• _Task prompt_: All entries below must be written out verbatim, and the images must be dropped.

(Items listed in a dataset)

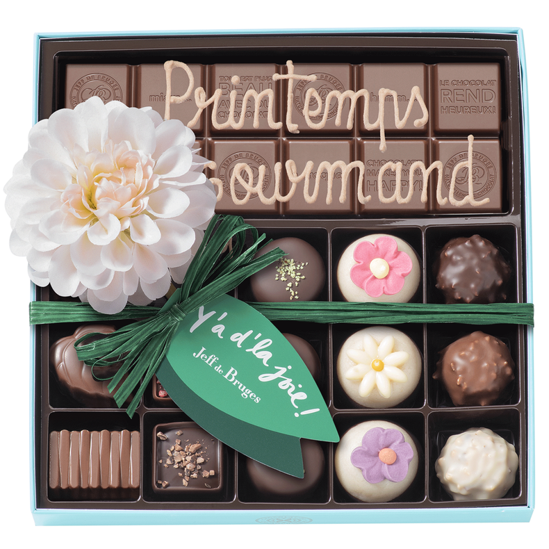 Boite 15 chocolats Printemps et tablette chocolat au lait avec personnalisation
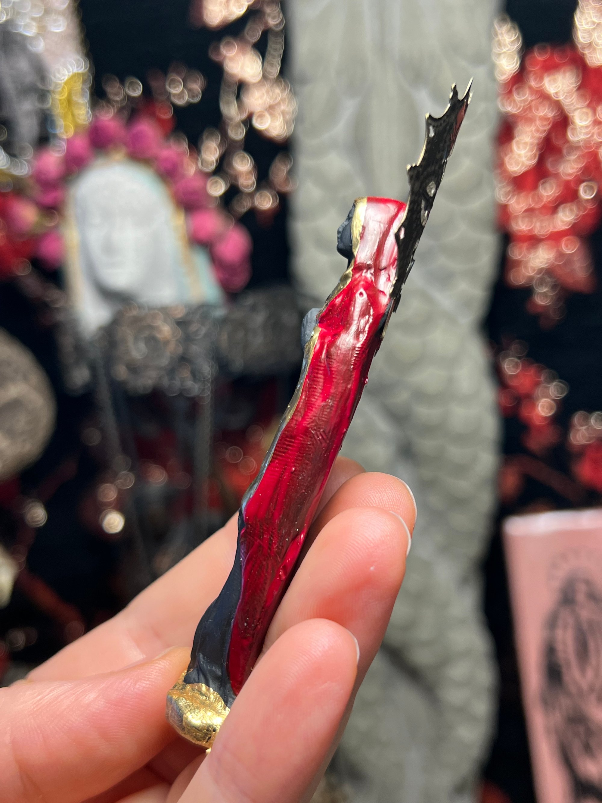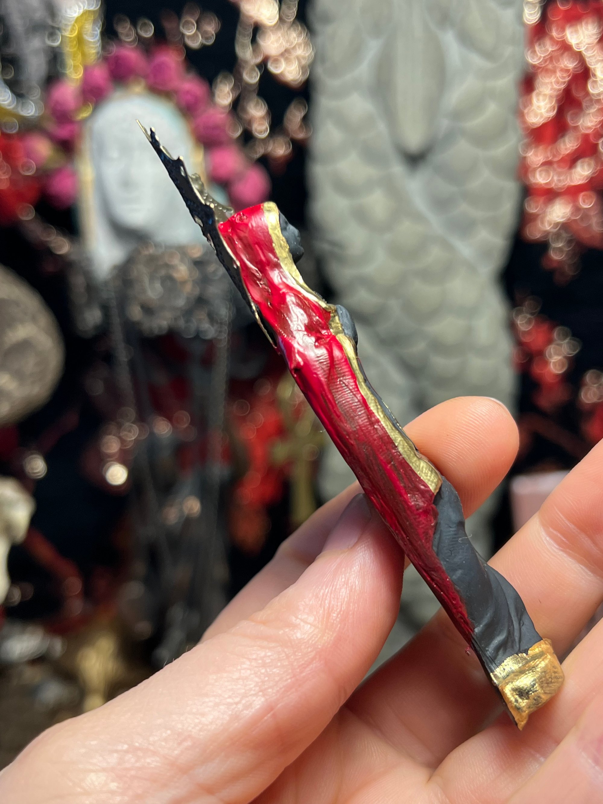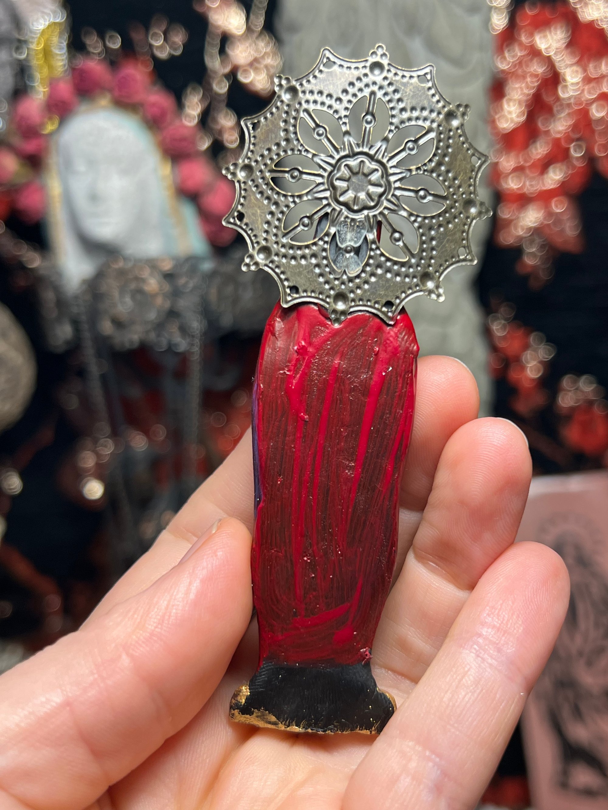 Figure made with clay, paint, brass stampings, black rhinestone and brass halo
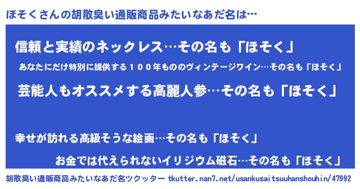 | 意味不明あだ名 | 『自称ほそく』『とにかく怪しいほそく』 |
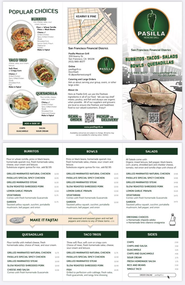 Pasilla Mexican Grill, located at 359 Kearny St in San Francisco, offers a delightful Mexican dining experience with options like burritos, bowls, and tacos. The menu features dishes like Grilled Marinated Chicken Burritos, Steak Bowls, and a variety of tasty Tacos. Customers rave about the flavorful marinated meats and the abundance of fresh homemade salsa options. The service is quick and the staff are friendly, creating a casual yet satisfying dining atmosphere. Whether you're looking for a quick lunch or a tasty meal to-go, Pasilla Mexican Grill is a solid downtown lunch option with a diverse menu that caters to both meat-eaters and vegetarians. Don't miss out on the chance to indulge in their tasty and filling Mexican fare next time you're in the area.
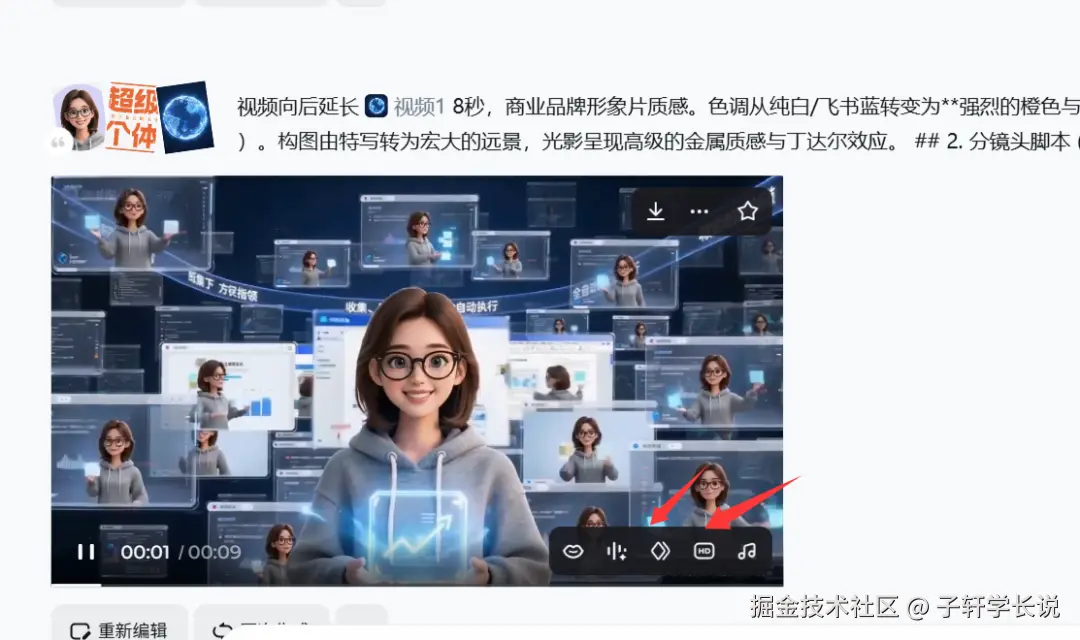 - 分段生成更可控:超过20秒的视频建议分3段生成,比如0-8秒LOGO动画、8-20秒功能展示、20-30秒结尾定格。每段生成后下载下来又可以作为下一段的参考素材参考,使用视频延长功能,在上一个视频结束的结尾继续生成新画面,这样衔接会更自然。
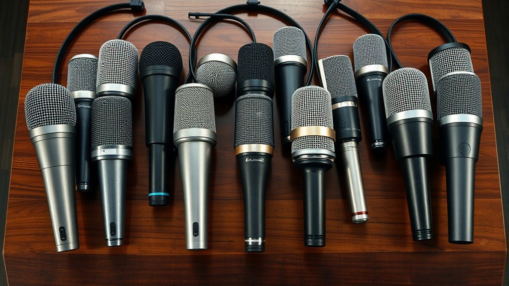 Many large-diaphragm condenser microphones under $200 come with essential accessories like shock mounts, pop filters, and XLR cables, which can substantially improve your recording quality and simplify setup. A sturdy shock mount helps isolate the mic from vibrations and handling noise, resulting in clearer sound. Pop filters are vital for reducing plosive sounds and wind interference, ensuring cleaner vocal recordings. Bundled accessories like adjustable goosenecks and desktop stands offer flexible positioning options, making it easier to find the perfect angle. Additionally, complete starter kits that include all these components provide better value, giving you everything needed for professional-quality recordings without extra purchases. These accessories can make a significant difference in both sound quality and convenience.
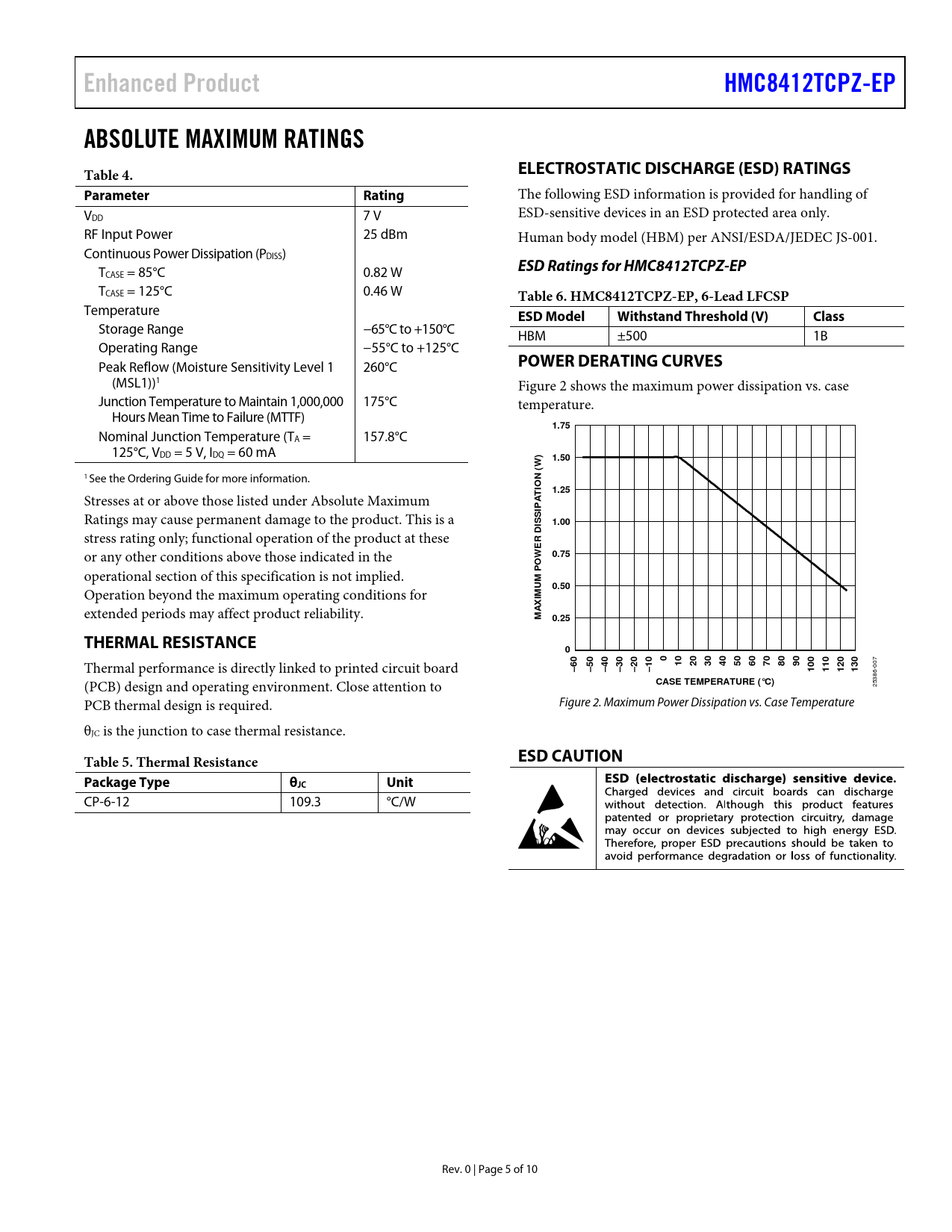 Enhanced Product. HMC8412TCPZ-EP. ABSOLUTE MAXIMUM RATINGS Table 4. ELECTROSTATIC DISCHARGE (ESD) RATINGS. Parameter. Rating
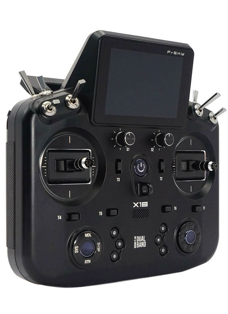 The FrSky Tandem X18 dual-band telemetry radio benefits from an enhanced ergonomic design with rounded and more comfortable hand grips, along with an improved case design to make the radio fully stable when standing. The radio includes easy-to-reach sliders and switches, 4 standard stick trims with additional 2 extra trims added to provide more flexibility with flight attitude adjustments while operating the radio. The X18 includes further enhancements with integrated flash storage which improves and simplifies storage operation and use, and the interior of the radio has been designed with space and weight in mind, while still keeping all ETHOS setting and control features for the pilot to enjoy.
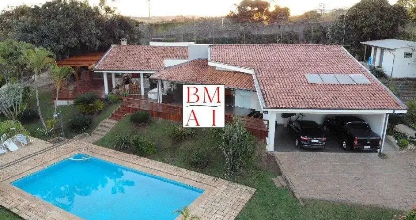 BELÍSSIMA CHÁCARA EM CONDOMÍNIO!!Casa com 380m com 3 suites, duas salas, duas cozinhas, 5 banheiros, lavanderia, Área gourmet com churrasqueira e cozinha completa, ar condicionado nos quartos e aquecimento solar.. Deck e Pergolado de madeira de lei, canil, campo de futebol, piscina 10x5, Pomar de frutas, jardinagem maravilhosa com Palmeiras Imperiais, e outras; toda gramada, lago interno de carpas abastecido por nascente natural... uma vista e paisagem maravilhosa...Segurança 24 hs, Área de mata preservada, Grandes Lagos com Pistas de CooperTerreno com 5.200m
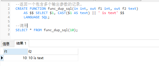 函数体内部使用 $$ 标记代码块,里面是一个SELECT语句,它返回输入参数$1的两个不同形式的值。对于f1,它直接返回输入的整数值。对于f2,它将输入的整数值转换为一个文本字符串,并在其后添加字符串' is text'。这个转换是使用CAST函数完成的,它将$1从整数值转换为文本字符串。
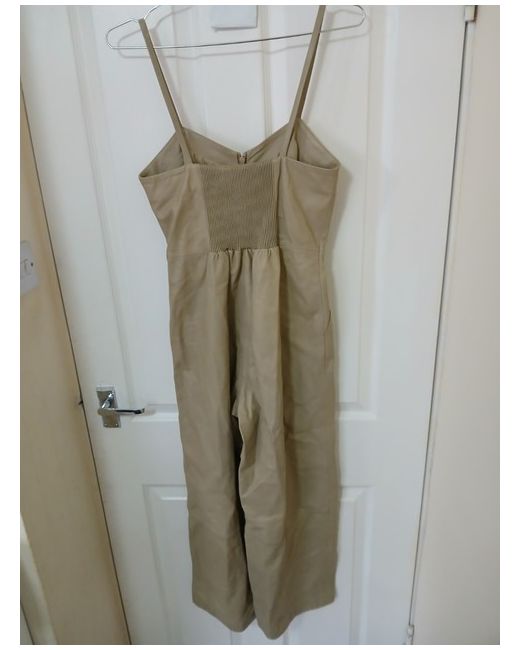 Whistles Neutral Leather Jumpsuit featuring thin shoulder straps and a fitted bodice.
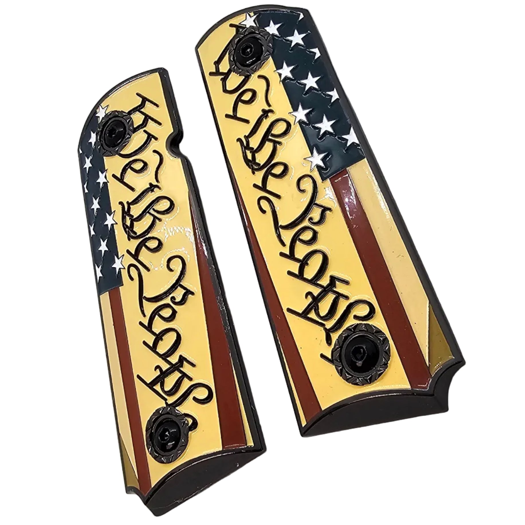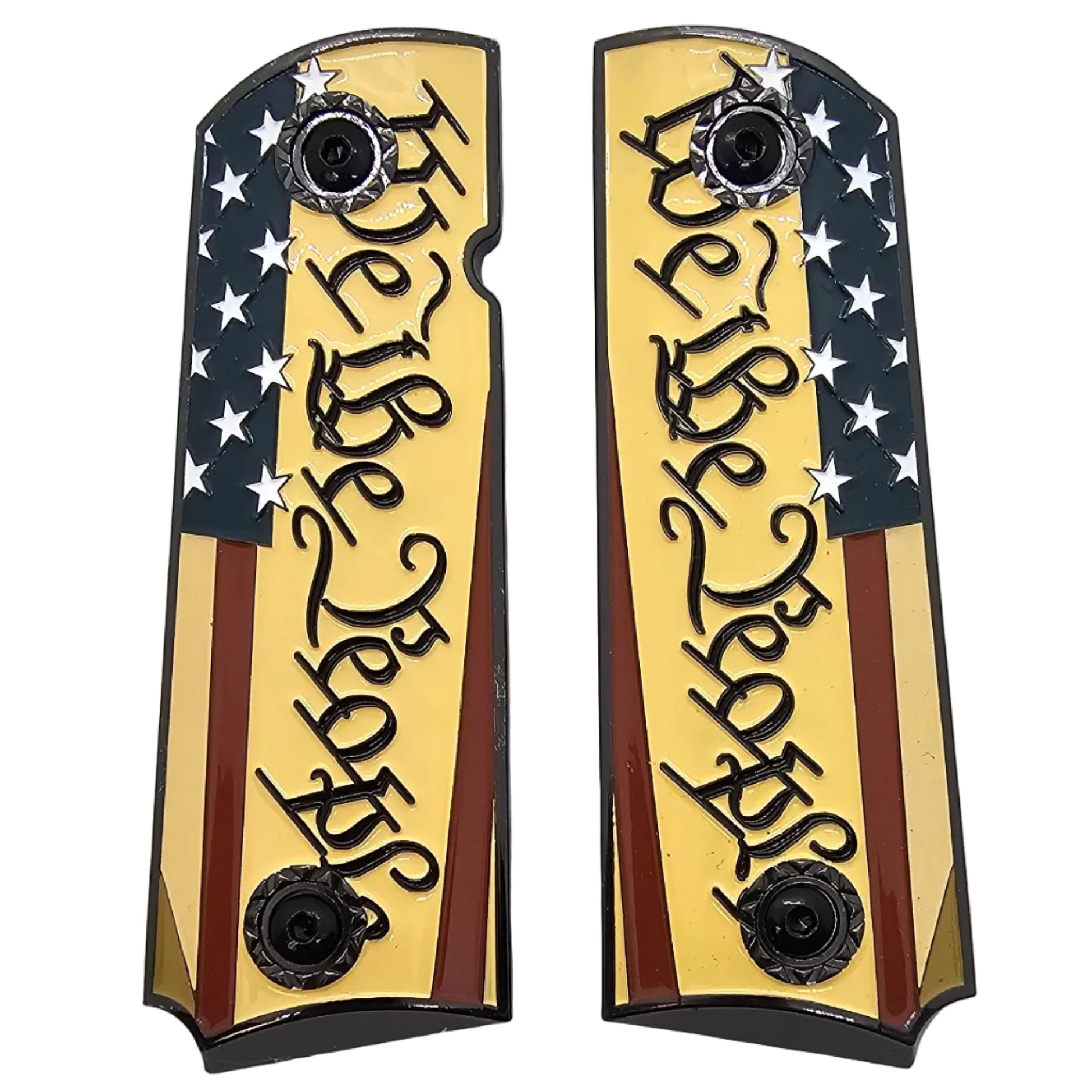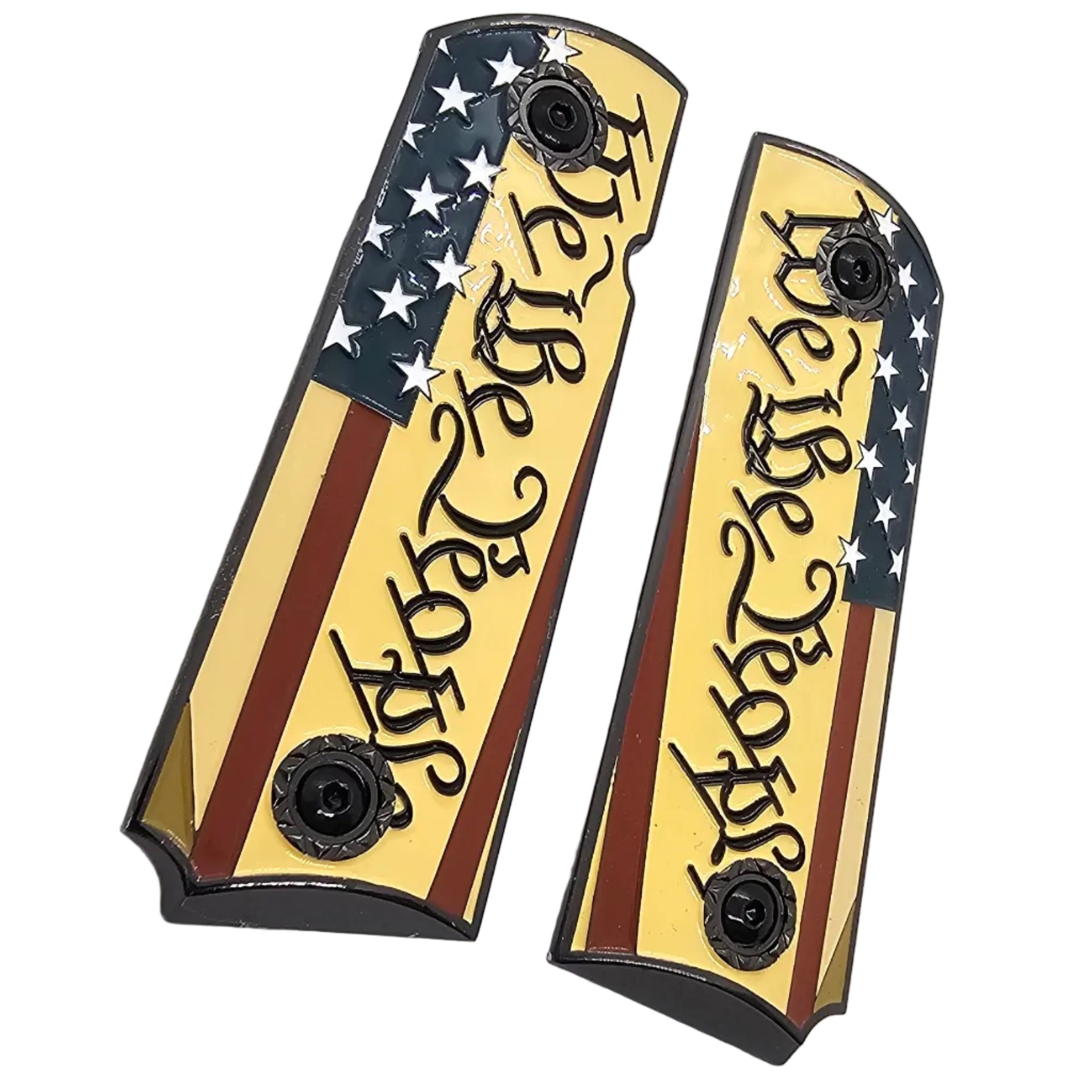 • 1911 Full-Size Metal Grips Black – “We The People” USA Flag Enamel (Ambi Cut) + Screws
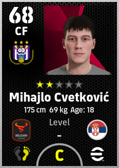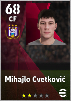 . Mihajlo Cvetković is a Center Forward footballer from Serbia who plays for Anderlecht Pw in eFootball 2026.

• _Solution below_:
 Boite 15 chocolats Printemps et tablette chocolat au lait avec personnalisation
 Figure made with clay, paint, brass stampings, black rhinestone and brass halo
 | 意味不明あだ名 | 『自称ほそく』『とにかく怪しいほそく』 |
 Pasilla Mexican Grill, located at 359 Kearny St in San Francisco, offers a delightful Mexican dining experience with options like burritos, bowls, and tacos. The menu features dishes like Grilled Marinated Chicken Burritos, Steak Bowls, and a variety of tasty Tacos. Customers rave about the flavorful marinated meats and the abundance of fresh homemade salsa options. The service is quick and the staff are friendly, creating a casual yet satisfying dining atmosphere. Whether you're looking for a quick lunch or a tasty meal to-go, Pasilla Mexican Grill is a solid downtown lunch option with a diverse menu that caters to both meat-eaters and vegetarians. Don't miss out on the chance to indulge in their tasty and filling Mexican fare next time you're in the area.
 - 分段生成更可控:超过20秒的视频建议分3段生成,比如0-8秒LOGO动画、8-20秒功能展示、20-30秒结尾定格。每段生成后下载下来又可以作为下一段的参考素材参考,使用视频延长功能,在上一个视频结束的结尾继续生成新画面,这样衔接会更自然。
 Many large-diaphragm condenser microphones under $200 come with essential accessories like shock mounts, pop filters, and XLR cables, which can substantially improve your recording quality and simplify setup. A sturdy shock mount helps isolate the mic from vibrations and handling noise, resulting in clearer sound. Pop filters are vital for reducing plosive sounds and wind interference, ensuring cleaner vocal recordings. Bundled accessories like adjustable goosenecks and desktop stands offer flexible positioning options, making it easier to find the perfect angle. Additionally, complete starter kits that include all these components provide better value, giving you everything needed for professional-quality recordings without extra purchases. These accessories can make a significant difference in both sound quality and convenience.
 Enhanced Product. HMC8412TCPZ-EP. ABSOLUTE MAXIMUM RATINGS Table 4. ELECTROSTATIC DISCHARGE (ESD) RATINGS. Parameter. Rating
 The FrSky Tandem X18 dual-band telemetry radio benefits from an enhanced ergonomic design with rounded and more comfortable hand grips, along with an improved case design to make the radio fully stable when standing. The radio includes easy-to-reach sliders and switches, 4 standard stick trims with additional 2 extra trims added to provide more flexibility with flight attitude adjustments while operating the radio. The X18 includes further enhancements with integrated flash storage which improves and simplifies storage operation and use, and the interior of the radio has been designed with space and weight in mind, while still keeping all ETHOS setting and control features for the pilot to enjoy.
 BELÍSSIMA CHÁCARA EM CONDOMÍNIO!!Casa com 380m com 3 suites, duas salas, duas cozinhas, 5 banheiros, lavanderia, Área gourmet com churrasqueira e cozinha completa, ar condicionado nos quartos e aquecimento solar.. Deck e Pergolado de madeira de lei, canil, campo de futebol, piscina 10x5, Pomar de frutas, jardinagem maravilhosa com Palmeiras Imperiais, e outras; toda gramada, lago interno de carpas abastecido por nascente natural... uma vista e paisagem maravilhosa...Segurança 24 hs, Área de mata preservada, Grandes Lagos com Pistas de CooperTerreno com 5.200m
 函数体内部使用 $$ 标记代码块,里面是一个SELECT语句,它返回输入参数$1的两个不同形式的值。对于f1,它直接返回输入的整数值。对于f2,它将输入的整数值转换为一个文本字符串,并在其后添加字符串' is text'。这个转换是使用CAST函数完成的,它将$1从整数值转换为文本字符串。
 Whistles Neutral Leather Jumpsuit featuring thin shoulder straps and a fitted bodice.
 • 1911 Full-Size Metal Grips Black – “We The People” USA Flag Enamel (Ambi Cut) + Screws
 . Mihajlo Cvetković is a Center Forward footballer from Serbia who plays for Anderlecht Pw in eFootball 2026.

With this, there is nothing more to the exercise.